In the weeks leading up to the November 8 Presidential Election, the Inyo County election website received over 7,000 individual visits, including 2,641 on Election Day. That may not seem like a lot, but Inyo County has only 10,000 registered voters. This means that over half of them likely used our online services during this election.

Making voting information available online is one part of the equation, but voters also need to have a reliable way to access it.

Inyo has been wired for the last two years because of the Digital 395 project—so named because it runs along Highway 395—a 583-mile fiber optic network built from Barstow, CA to Carson City, NV. According to the California Public Utilities Commission, Digital 395 is slated to connect 28,127 households.

Digital 395 would not have been possible if the state hadn’t come up with a public-private mechanism in 2007 to pay for the broadband infrastructure that now runs through our county. That mechanism is the California Advanced Services Fund (CASF).

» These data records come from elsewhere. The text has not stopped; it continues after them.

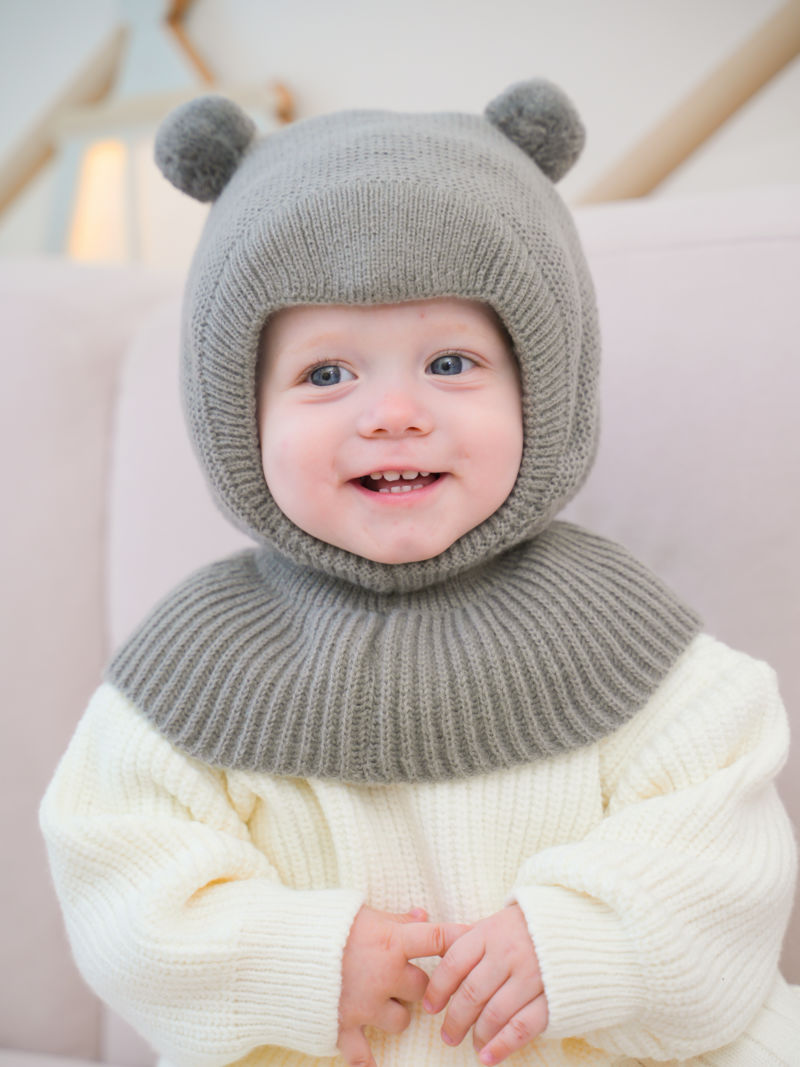 Теплый зимний шлем для с двумя небольшими помпонами на макушке. Верхний слой шапочки связан из полиэфира, подкладка выкроена из х/б полотна и полностью пришита, утеплитель по всему шлему (кроме манишки). Вокруг лица вязка-резинка. При повороте головы шлем не закроет глаз, оголив ухо. Лоб от ветра защитит вывязанный мысик. Размер равен окружности головы в см. Подойдет на температуру до -25 градусов (с теплым капюшоном).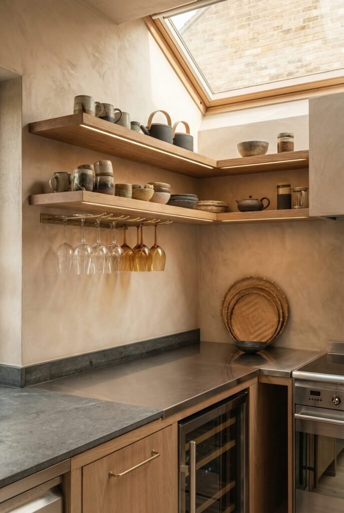 If we’re recreating this, limit your color palette and stick to earthy tones. Install warm under-shelf lighting to highlight textures and create depth. And please, no random clutter—every item should feel like it earned its spot. Yes, even your favorite mug.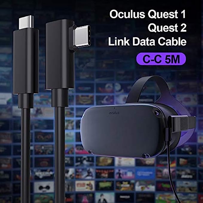 VR Streaming Link Cable Compatible for Oculus Quest, Cuxnoo Virtual Reality Headset Cable Angle USB 3.2 Gen1 C-C High-Speed Data Transfer, Fast Charging Cord, 15FT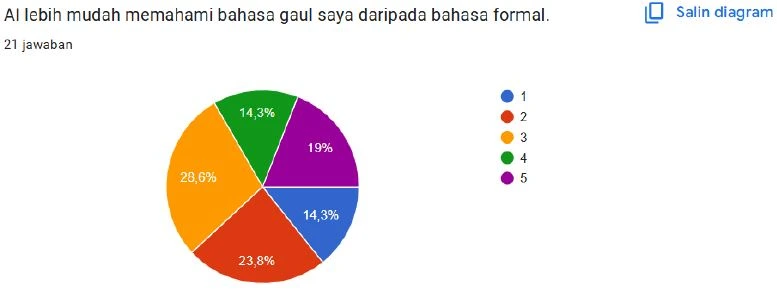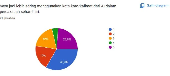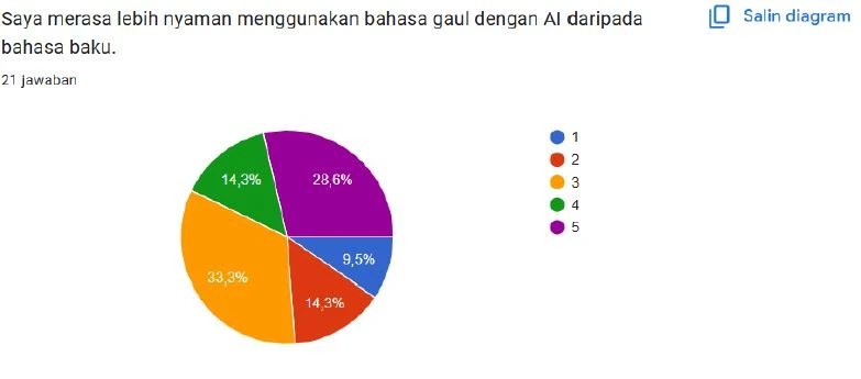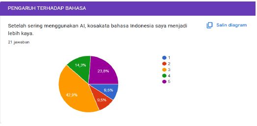 Walalupun hasil survey, menjukan responden memilih skala 3 (netral) dengan persentase 23,8% dalam menilai apakah penggunaan AI memperkaya kosakata bahasa Indonesia mereka, yang menunjukkan bahwa banyak pengguna belum merasakan dampak yang jelas atau signifikan dari interaksi dengan AI terhadap kekayaan kosakata, baik dalam bahasa gaul maupun formal, karena dalam praktiknya AI lebih sering dimanfaatkan sebagai alat yang responsif dan solutif untuk memberikan jawaban langsung sesuai kebutuhan tanpa secara aktif mendorong pengenalan variasi kosakata baru atau eksplorasi kebahasaan yang lebih mendalam, sehingga interaksi yang terjadi cenderung bersifat praktis dan efisien, bukan sebagai proses pembelajaran bahasa, sementara dominannya pilihan netral juga mencerminkan adanya keraguan responden dalam menilai pengaruh AI yang mungkin bersifat bertahap atau belum konsisten dalam memberikan paparan bahasa yang beragam, yang pada akhirnya menegaskan bahwa potensi AI dalam memperkaya kosakata sangat bergantung pada pola penggunaan oleh pengguna serta desain sistem AI itu sendiri dalam mendorong pengembangan kemampuan linguistik.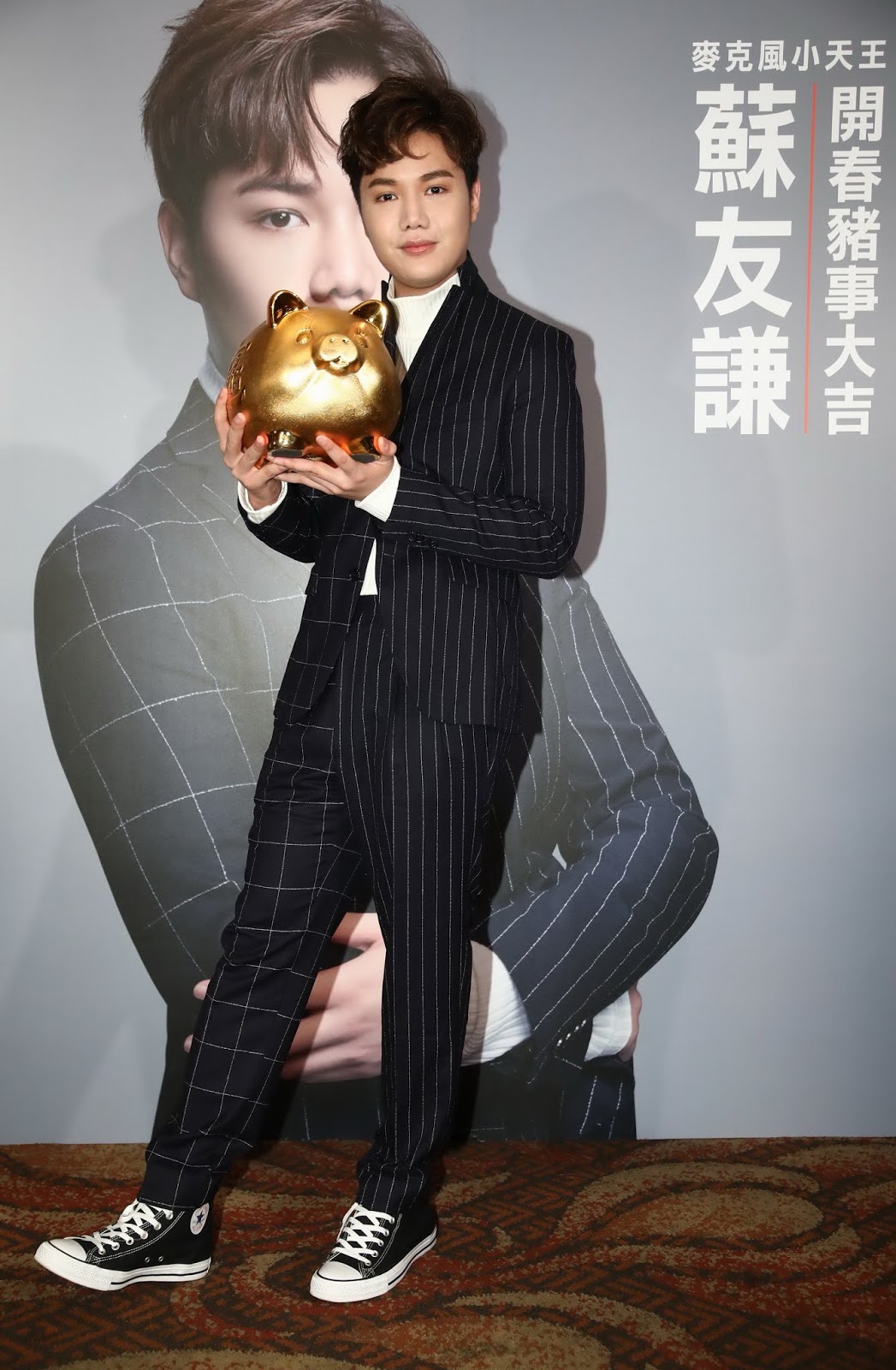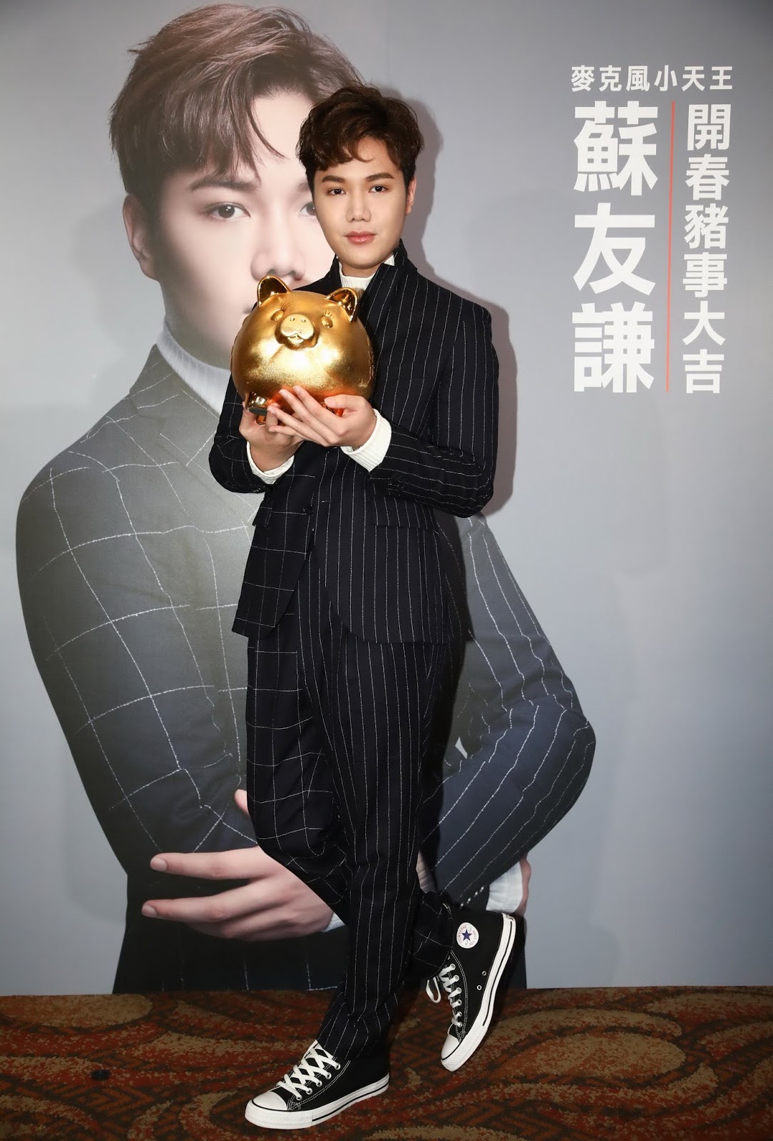蘇友謙抱金豬搶錢大作戰!麥克風小天王蘇友謙趕在開春舉行「豬事大吉」記者會,蘇友謙現身記者會,開心熱唱饒舌歌「幹大事」,並抱著大金豬直說金豬年要挑戰幹大事,搶錢大作戰,蘇友謙宣布今年將跨足「整合行銷事業」,也在台北設立分公司,宣示跨界決心,而去年表示進軍演藝圈,接受演藝課程訓練,要求完美的蘇友謙坦言日前推掉實境節目與央視的十大企業等的邀約,理由是自認還沒到位,準備好了才出發!而13歲開始投入網拍,16歲時即以行動麥克風熱銷10萬支,晉升億萬富翁俱樂部,被網友封台灣奇蹟,繼粉刺機與行動麥克風狂賣,金豬年蘇友謙將跨足「整合行銷」,對於跨界搶錢,蘇友謙說其實我一直對網拍事業有著致命的吸引,由13歲接觸網拍人生至今五年,也因這樣開啟了我的新人生,這一年來,有許多朋友在我臉書留言,頻頻邀約,希望我能給予他們產品意見,因為眾多的詢問,讓我覺得,為何不運用我自己的行銷模式,來為大家找出潛在的熱賣商機!因而決定跨界整合行銷,在豬年給自己新的挑戰!

The CASF was established to affordably support the deployment of broadband to unserved and underserved areas of California. To date CASF has funded 57 projects and reached 300,000 households, but the California Public Utilities Commission program will be out of funds after it approves 14 pending projects. There are, however, many more than 14 broadband projects in California in need of funding.

To help meet this need, a network of civic organizations and legislators has launched an effort entitled “The Internet For All Now Act” to expand the adoption of broadband in California. If successful, this effort could help Inyo County’s most remote communities to be online and able to participate in our digital democracy.

Technology has the power to connect us to each other, to our government, and to important civic information. But if it isn’t accessible by everyone, it can actually widen our democracy’s existing digital divide.

As more civic and government resources are being put online, it will be even more important that people have reliable broadband through their devices and in their households.

We must not forget that the rural broadband buildout of today is equivalent—in both cost and socioeconomic necessity—to the rural electrification works of the 1930s. Just imagine what would have happened in Depression-era California if farmers had not gotten electricity. The benefits of broadband are no different.

I have seen the before and after of the digital divide. When I became Inyo County’s Clerk-Recorder & Registrar of Voters in 2010, we had a limited online presence, which meant that citizens had access to our office only during business hours for most services. Six years later, we have a robust online platform that engages a network of thousands of people and allows Inyo County to better function as an inclusive democracy.

There is just no doubt that the time is now to ensure broadband infrastructure in all of California. So please consider supporting the Internet For All Now Act to engage all California citizens in the fruits of digital democracy.